HAARP diyen de var, ABD gemisine bağlayan da... Deprem komploları için bekledikleri fırsat!
Türkiye 6 Şubat depremlerinde kaybettiği canların yasını tutarken, uzmanlar da bir yandan gelecek depremler için hazırlıklı olunması konusunda toplumu uyarırken diğer yandan da komplo teorileriyle mücadele etmeye çalışıyor. Depremin hemen ardından ortaya atılan komplo teorileri arasında, HAARP'tan gezegenlerin konumuna, ABD savaş gemisinden faylara yerleştirilen patlayıcılara kadar birçok akıl dışı iddia yer alıyor. Bu komplo teorilerinin, depremin yarattığı yıkımın sebeplerinin tartışılmasının da önüne geçerek bilime olan güveni sarstığını söyleyen uzmanlar, önemli uyarılarda bulundu.
Ömer Faruk Ekinci | Kahramanmaraş merkezli 7.7 ve 7.6’lık depremler 11 ilimizde büyük bir yıkıma neden olurken sosyal medyanın büyük bir kısmında depremin yarattığı felaketten ziyade bu depremin nasıl meydana geldiği üzerine komplo teorileri üretilmeye başlandı.
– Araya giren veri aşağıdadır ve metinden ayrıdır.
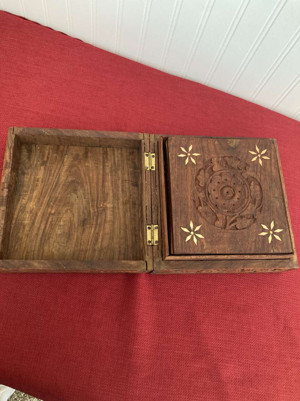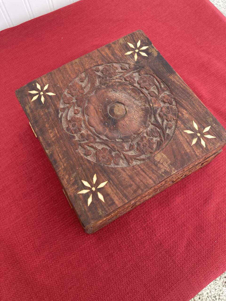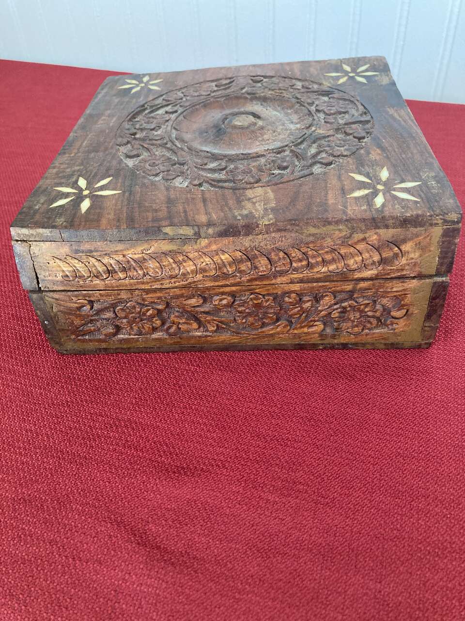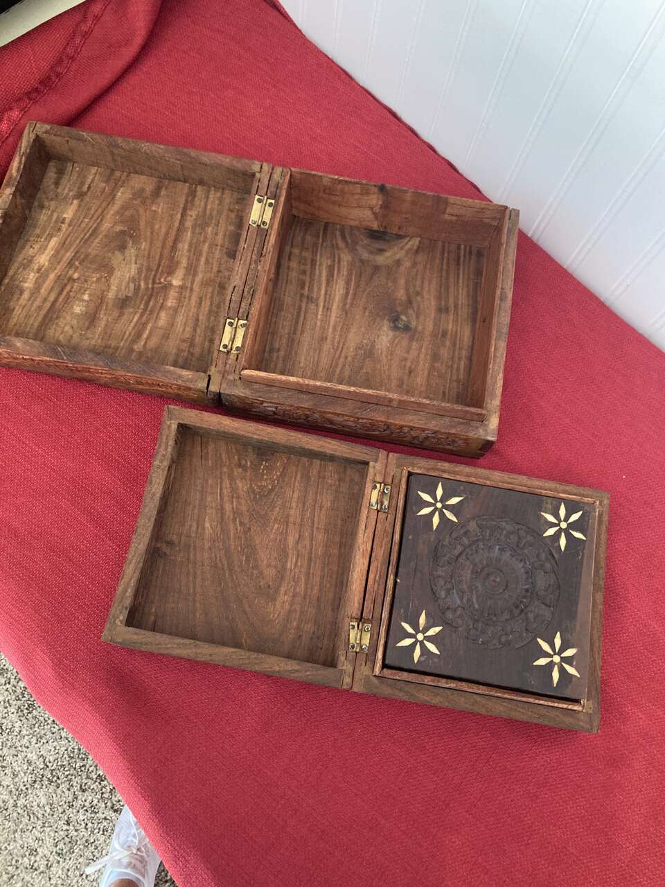 3 Rosewood Nesting Boxes - Hinged lids, Inlaid Flower Pattern on all three lids

Hiçbir şekilde bilimsel bir dayanağı bulunmayan bu komplo teorileri depremde yıkılan binaların sebepleri, gelecekteki depremlere nasıl hazırlanmamız gerektiği gibi konuların bile önüne geçmiş durumda. Bu komplo teorilerinin hedefinde ise çoğunlukla depremden maddi ya da manevi olarak etkilenen insanlar bulunuyor.
'AKUT STRES BOZUKLUĞU' VE 'TRAVMA SONRASI STRES BOZUKLUĞU'
İnsanlar üzerinde bu komplo teorilerinin etkisi ile ilgili Posta.com.tr’ye konuşan İstanbul Yeni Yüzyıl Üniversitesi Fen Edebiyat Fakültesi Psikoloji Bölümü Öğretim Üyesi psikiyatrist Prof. Dr. İbrahim Balcıoğlu, önemli açıklamalarda bulundu.
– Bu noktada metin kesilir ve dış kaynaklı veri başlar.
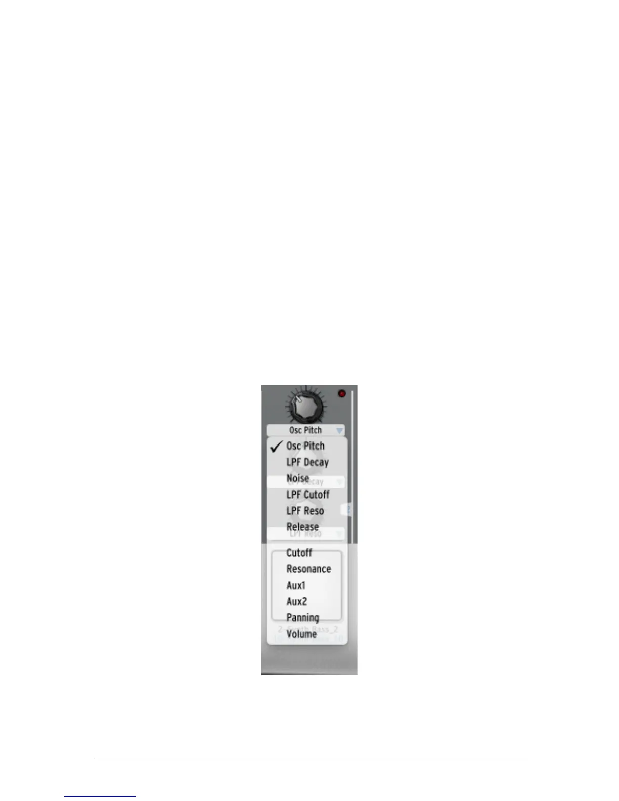 underneath the knob. A contextual menu will appear listing the 6 parameters available in

Öncelikle bu teorilerin tabiri caizse hedef kitlesini belirten Prof. Dr. Balcıoğlu, afetzedelerin kendilerinin, yakınların, afeti görenlerin ve ekrandan izleyenlerin böyle bir felaket döneminde ‘Akut stres bozukluğu’ ismi verilen rahatsızlığı yaşayabileceklerinden bahsederek sözlerine şöyle devam etti:
Bu rahatsızlıkta kişinin duygularında abartılı haller gözükür. Depresyona yakın üzüntü görünür. Doğru düşünemez, düşünceler gidip gelir. Bu bir süre sonra davranışlara da yansır. Buna bir de kaygı bozukluğu ve uyku bozukluğu eklenince bu kişinin sağlıklı davranmasını ve düşünmesini bekleyemeyiz. En önemlisi gelecekle ilgili kaygı bozukluğudur. Dışarıdan gelen her davranışa aşırı tepkiler gösterebilir.
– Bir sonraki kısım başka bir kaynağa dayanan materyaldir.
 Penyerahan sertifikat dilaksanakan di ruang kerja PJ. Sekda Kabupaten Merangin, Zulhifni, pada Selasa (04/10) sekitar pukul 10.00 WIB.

Bu belirtilerin yaşanan travmadan 1 ay sonra bile devam etmesi halinde bu duruma ‘travma sonrası stres bozukluğu’ ismi verildiğini söyleyen Prof. Dr. Balcıoğlu, kişinin öfke patlamaları yaşayabileceğini, kendisini ve yakın çevresini suçlamaya yönelik sözler söyleyebileceğine dikkat çekti.
Prof. Dr. Balcıoğlu, bu belirtilere muhakeme sıkıntılarının da eklenebileceğini belirterek, “Sağlıklı olarak duygularını ifade edememesi davranışlarına da yansır. Normal zamanda verilmeyecek tepkiler verip davranışlar sergileyebilir. Bu kişiler rüzgarın karşısında yaprak gibidir. Her türlü telkine açıktır. Olumlu ve olumsuz sözlerden çok daha fazla etkilenebilir” şeklinde konuştu.
Böyle travma zamanlarında insanların dile getirmese de yönetilmeye muhtaç olduğunu söyleyen Prof. Dr. Balcıoğlu, ‘Yönetici nerede, babam nerede, muhtar nerede’ gibi şeylerin söylenmesinin psikolojik açıdan normal olduğunu belirtti.
KOMPLO TEORİLERİNE DİKKAT
Öte yandan Prof. Dr. Balcıoğlu, felaketten etkilenen kişilerin böyle vakitlerde komplo teorileri gibi bilime dayanmayan iddiaları da dillendirebileceğini ifade ederek, “Bu teorileri ortaya atan kişiler tam da böyle felaket ve travmatik zamanları bekler” dedi.
Yer bilimci uzmanların böyle iddiaları bilimle birlikte anında çürüttüğüne dikkat çeken Prof. Dr. Balcıoğlu, bu tarz iddialara inanan ve bunlardan etkilenen insanlara yapılacak telkinde uzman isimlerin bilime dayandırdığı açıklamaların oldukça etkili olacağından bahsetti.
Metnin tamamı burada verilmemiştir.